#### Exercise material
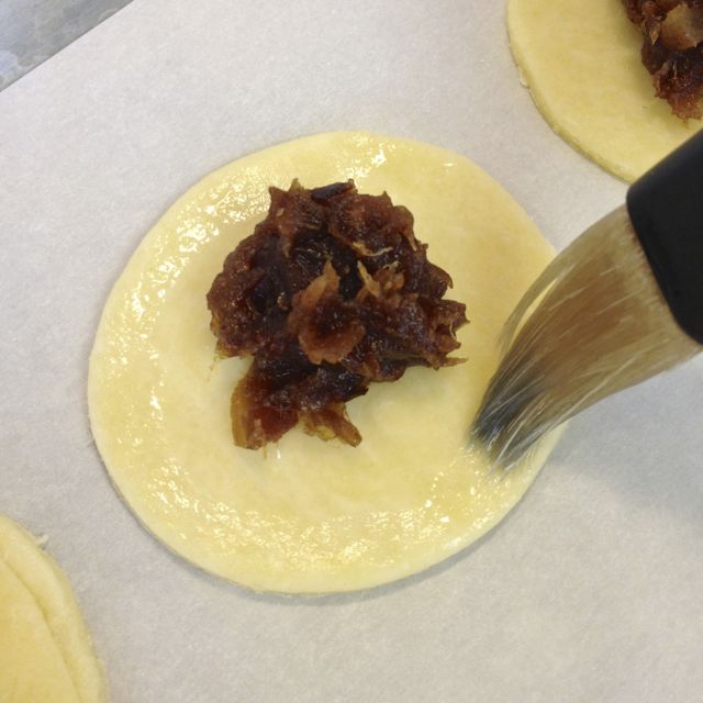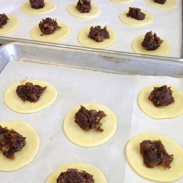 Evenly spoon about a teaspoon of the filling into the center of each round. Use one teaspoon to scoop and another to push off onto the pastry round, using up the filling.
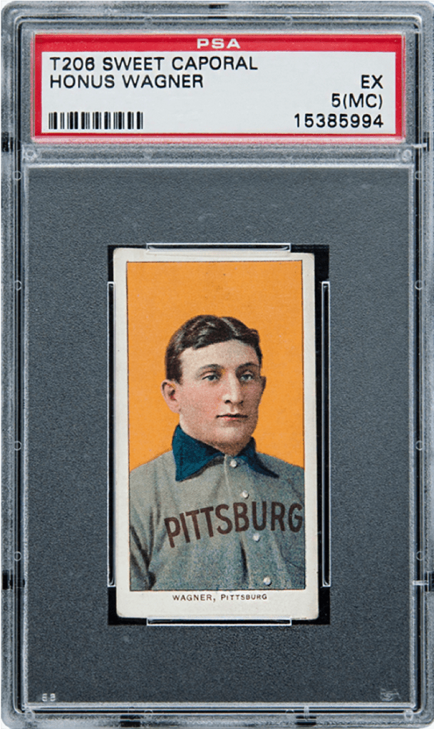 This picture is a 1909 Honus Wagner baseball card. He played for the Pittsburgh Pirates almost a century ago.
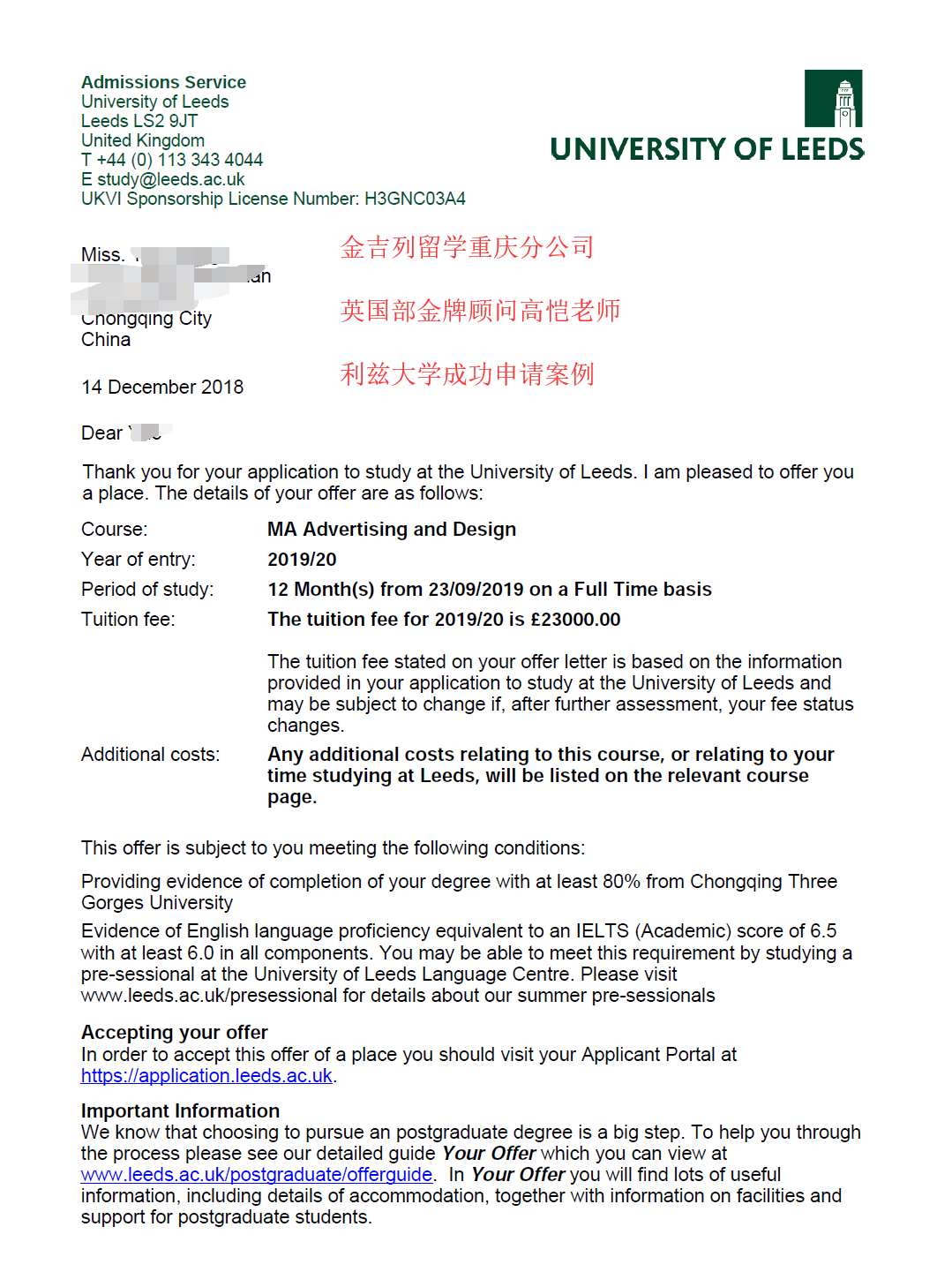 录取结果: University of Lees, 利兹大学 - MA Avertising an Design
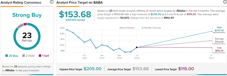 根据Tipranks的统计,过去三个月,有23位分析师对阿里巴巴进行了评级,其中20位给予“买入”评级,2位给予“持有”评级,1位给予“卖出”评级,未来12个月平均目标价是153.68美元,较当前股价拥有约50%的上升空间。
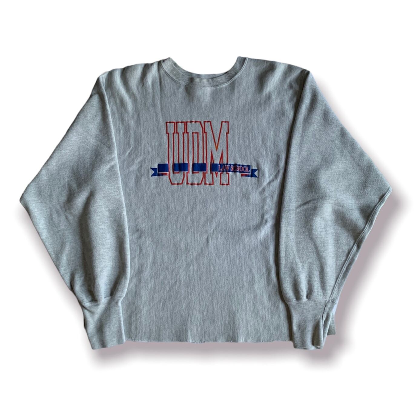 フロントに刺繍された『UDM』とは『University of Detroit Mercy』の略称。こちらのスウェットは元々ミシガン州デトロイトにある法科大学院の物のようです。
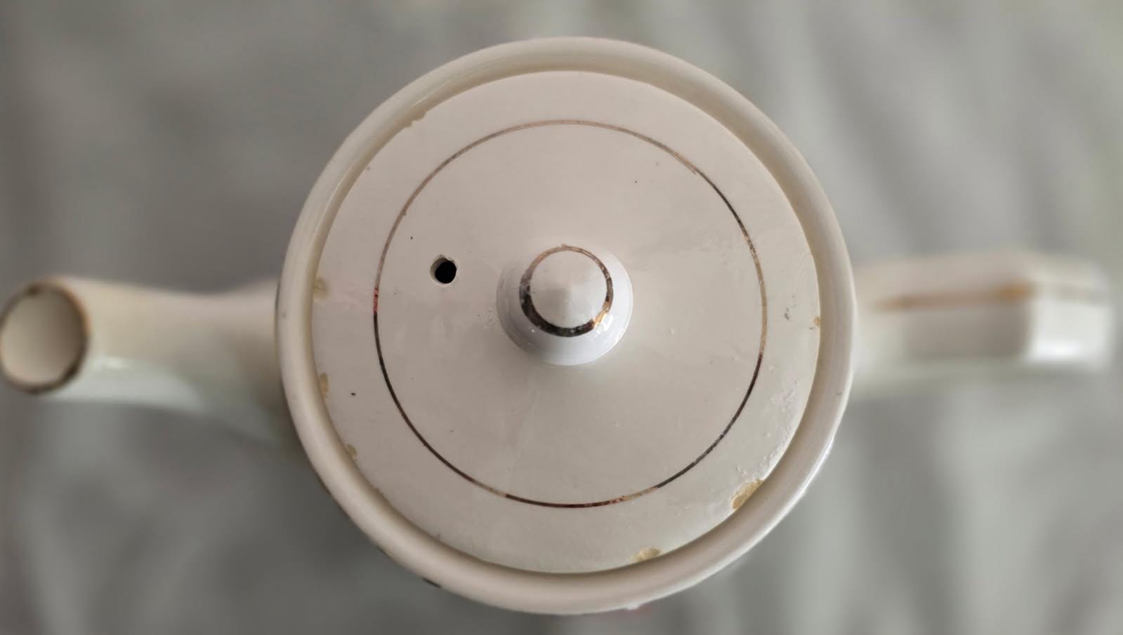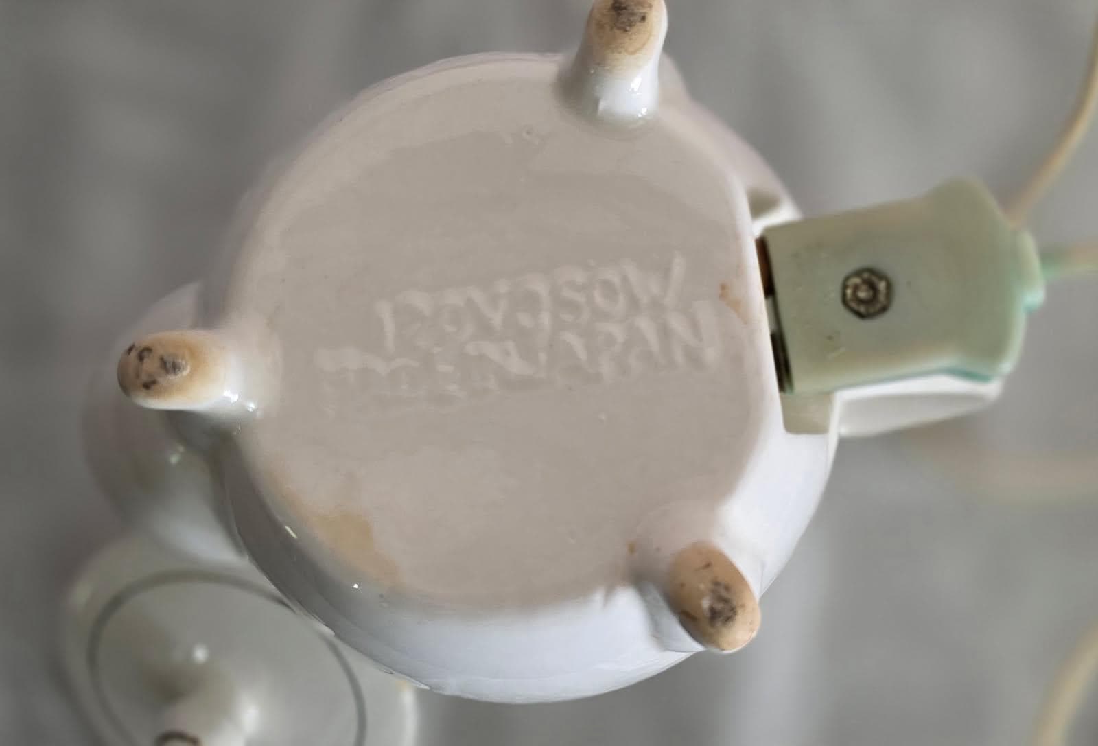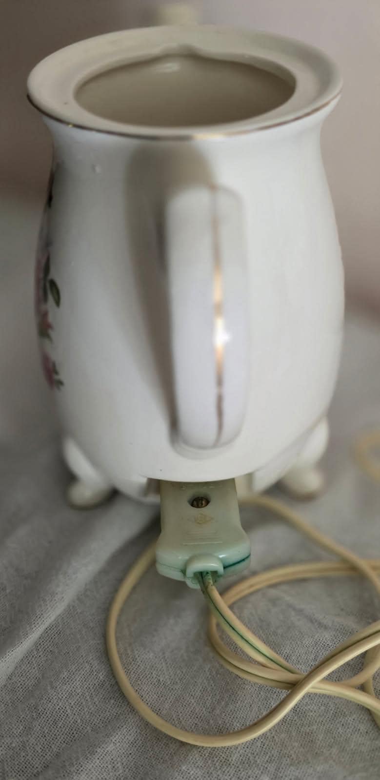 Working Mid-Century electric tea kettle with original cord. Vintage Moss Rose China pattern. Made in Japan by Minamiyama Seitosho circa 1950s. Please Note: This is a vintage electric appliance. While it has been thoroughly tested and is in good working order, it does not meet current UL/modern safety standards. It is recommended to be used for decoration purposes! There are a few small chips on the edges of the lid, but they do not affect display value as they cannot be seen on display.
########
> Exercise requirements: From the material above, write out exactly the lines from the line with "フロントに刺繍された『UDM』とは『University of Detroit" through the closing line, inclusive, and no pictures.

> Exercise answer:
 フロントに刺繍された『UDM』とは『University of Detroit Mercy』の略称。こちらのスウェットは元々ミシガン州デトロイトにある法科大学院の物のようです。
 Working Mid-Century electric tea kettle with original cord. Vintage Moss Rose China pattern. Made in Japan by Minamiyama Seitosho circa 1950s. Please Note: This is a vintage electric appliance. While it has been thoroughly tested and is in good working order, it does not meet current UL/modern safety standards. It is recommended to be used for decoration purposes! There are a few small chips on the edges of the lid, but they do not affect display value as they cannot be seen on display.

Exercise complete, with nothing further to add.